## Activity
All pictures are to be skipped; retype only the lines from the top of the entries through the line with "Best passer rating", both included.

Records from a collection
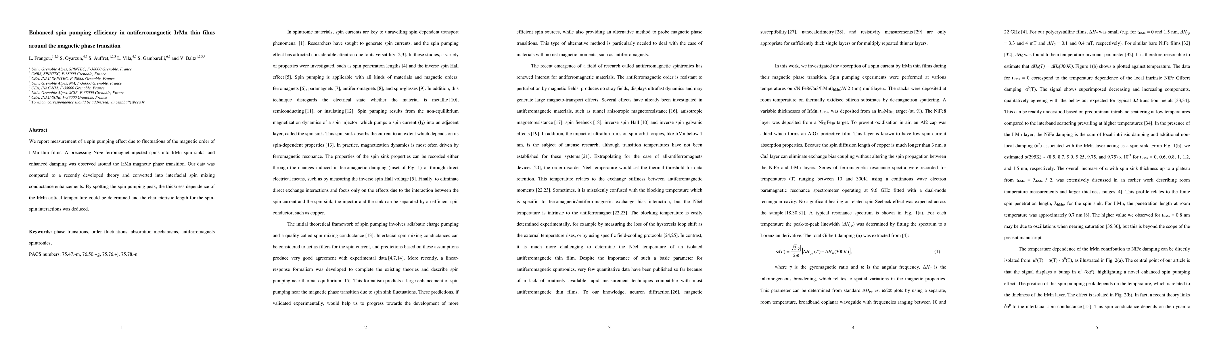 This study measures enhanced spin pumping efficiency in IrMn thin films near their magnetic phase transition, revealing increased damping due to spin fluctuations. The findings align with a new theoretical model, providing insights into the thickness dependence of the critical temperature and the characteristic length of spin-spin interactions.
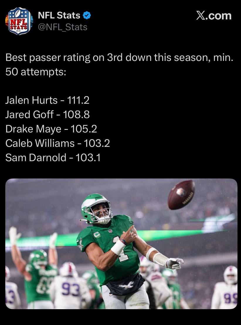 Best passer rating on 3rd down this season. #1 Jalen Hurts 111.2
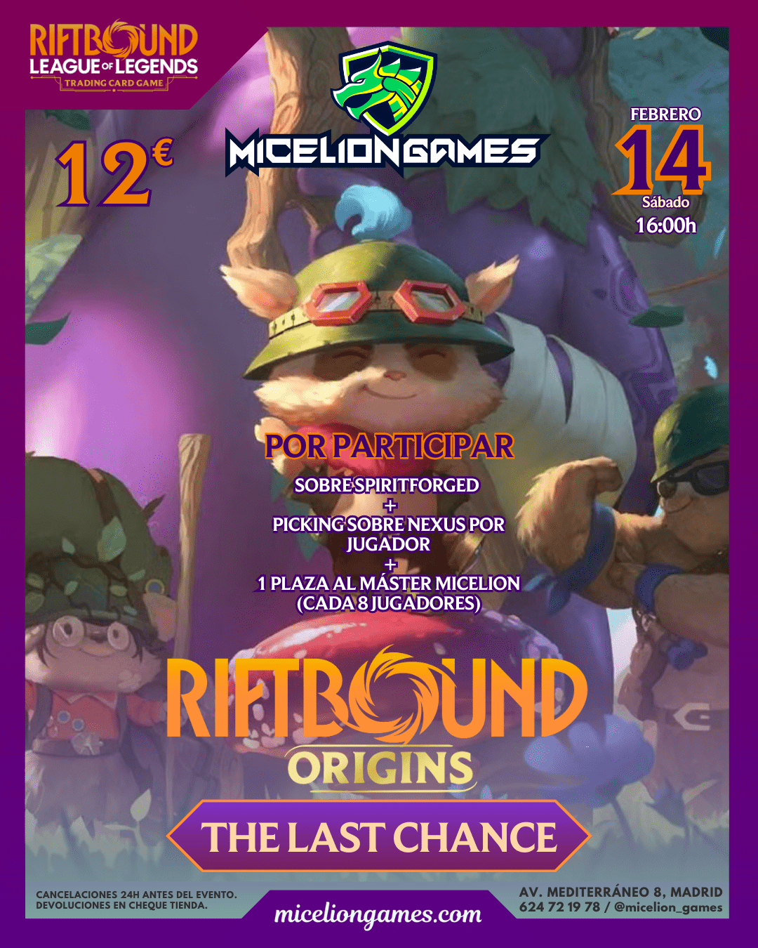 Volver a la TiendaSábado 14 · 16:00h · 12€ · Las inscripciones estarán abiertas hasta 15 minutos antes del torneo.
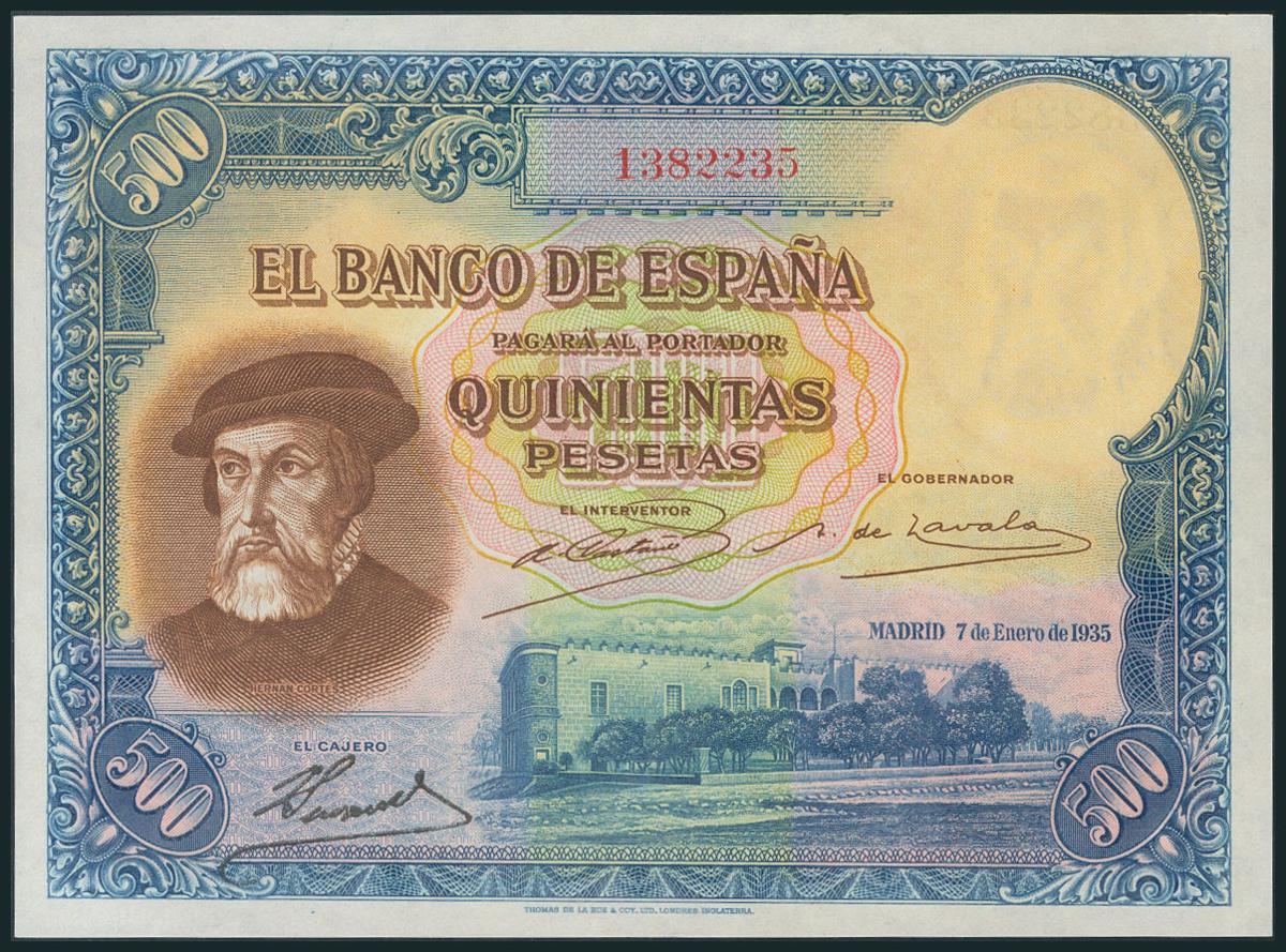 500 Pesetas. 7 de Enero de 1935. Sin serie. (Edifil 2017: 365). Apresto original. SC.
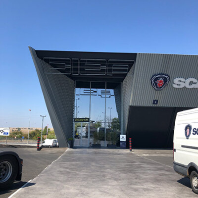 Proyecto de fachadas ventiladas en Bosh Service Diesel Gallardo (Sevilla)
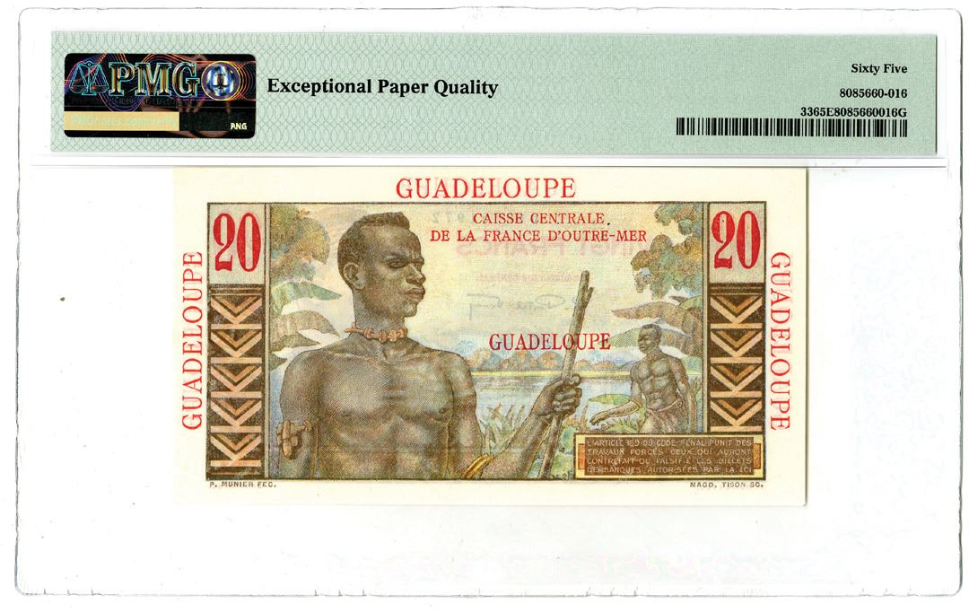 Guadeloupe. ND (1947-49). 20 Francs, P-33, Issued banknote, Brown on face, S/N L.6 91972, Watermark: Sailing Ship, Overprint "Guadeloupe", PMG graded Gem Uncirculated 65 EPQ.
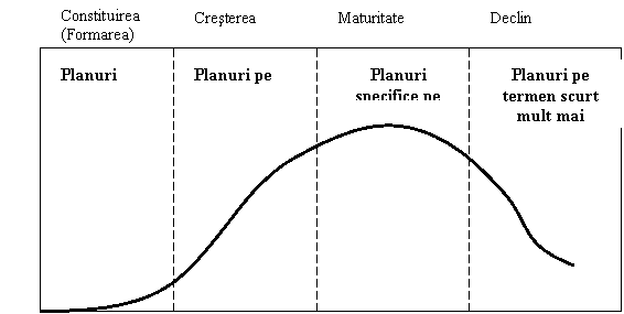 Cand organizatia este in faza de maturitate, capacitatea de predictie, de previziune este de cea mai mare importanta si organizatia are aceasta capacitate. De asemenea, in aceasta etapa sau faza a ciclului de viata planurile specifice sunt cele mai potrivite, in timp ce, de exemplu, in faza sau etapa de formare organizatiei, managerii pun accent si pretuiesc planurile directionale. In etapa de constituire este dorita si necesara flexibilitatea, intrucat disponibilitatea resurselor este mult mai incerta, iar identificarea clientilor si consumurilor este mult mai neclara, indoielnica, de aceea obiectivele vor fi mai mult sub forma de intentii. Planurile directionale in aceasta faza permit managerilor sa faca schimbari in functie de necesitati.
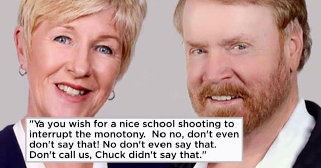 On the Chuck & Julie Show earlier this week, host Chuck Bonniwell mentioned the impeachment process of President Donald Trump and, apparently hoping for other news to distract from the impeachment news cycle, actually said the following words out loud: “You wish for a nice school shooting to interrupt.”
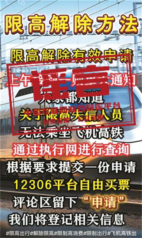 真相:近日,一些短視頻平臺(tái)頻現(xiàn)所謂“限高令新政”信息,宣稱“有內(nèi)部途徑,被限制高消費(fèi)人員不用還款也能正常買機(jī)票、高鐵票”,引發(fā)關(guān)注。對此,最高人民法院執(zhí)行局相關(guān)負(fù)責(zé)人表示,關(guān)于“新政”一說實(shí)屬謠言。各級(jí)人民法院從未出臺(tái)過解除限制消費(fèi)措施,或?yàn)椴粌斶債務(wù)的限高人員提供長期“解限”的相關(guān)規(guī)定。網(wǎng)上關(guān)于對不履行生效法律文書確定義務(wù)的被執(zhí)行人解除限制消費(fèi)措施等內(nèi)容均為不實(shí)信息。(來源:北京青年報(bào))
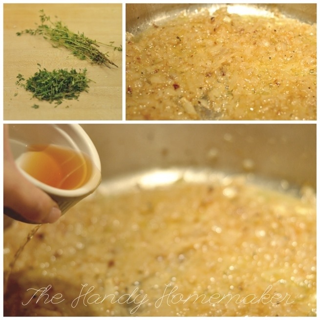 2. In a heavy pot over low heat add onions, thyme and 1/4 cup water. Let simmer over medium heat stirring and occasionally adding 1 tbsp or more of water to prevent sticking. (You can throw the fresh thyme in whole and remove the stems later or pull off the leaves and add to the soup)
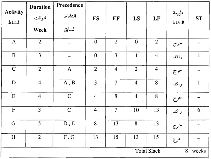 5. تحديد الأوقات الفائضة (ST): لتحديد الأوقات الفائضة يجب أولاً تحديد الأنشطة الراكدة، وهي الأنشطة التي إذا حصل بها تأخير فإنها لن تؤدي إلى تأخير المشروع ككل. وهذه الأوقات موضحة في الجدول 6-4 ومنها يتضح أن الأوقات الفائضة يساوي 8 أسابيع.
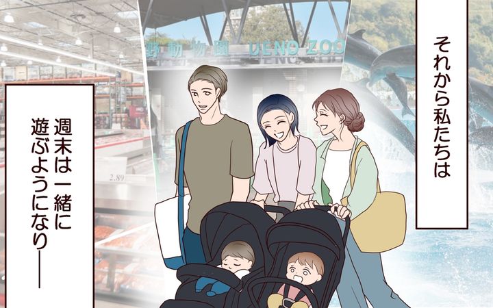気も合うママ友ができて、家族ぐるみでお出かけ。息子も喜んでるし夫も機嫌がいい!嬉しく思う主人公。
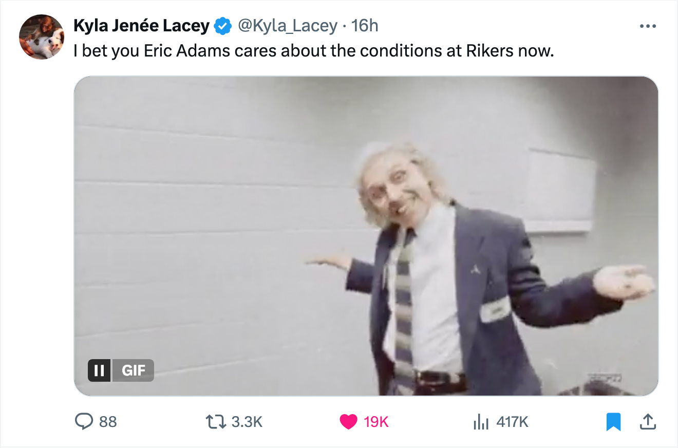 A vast number of these memes specifically target Adams's mayoral record. I approve; speaking as a critic, our hating must be couched in tangible evidence, such as his failure to improve — or even admit to — horrific conditions in the Rikers Island jail.

## The completed task
 This study measures enhanced spin pumping efficiency in IrMn thin films near their magnetic phase transition, revealing increased damping due to spin fluctuations. The findings align with a new theoretical model, providing insights into the thickness dependence of the critical temperature and the characteristic length of spin-spin interactions.
 Best passer rating on 3rd down this season. #1 Jalen Hurts 111.2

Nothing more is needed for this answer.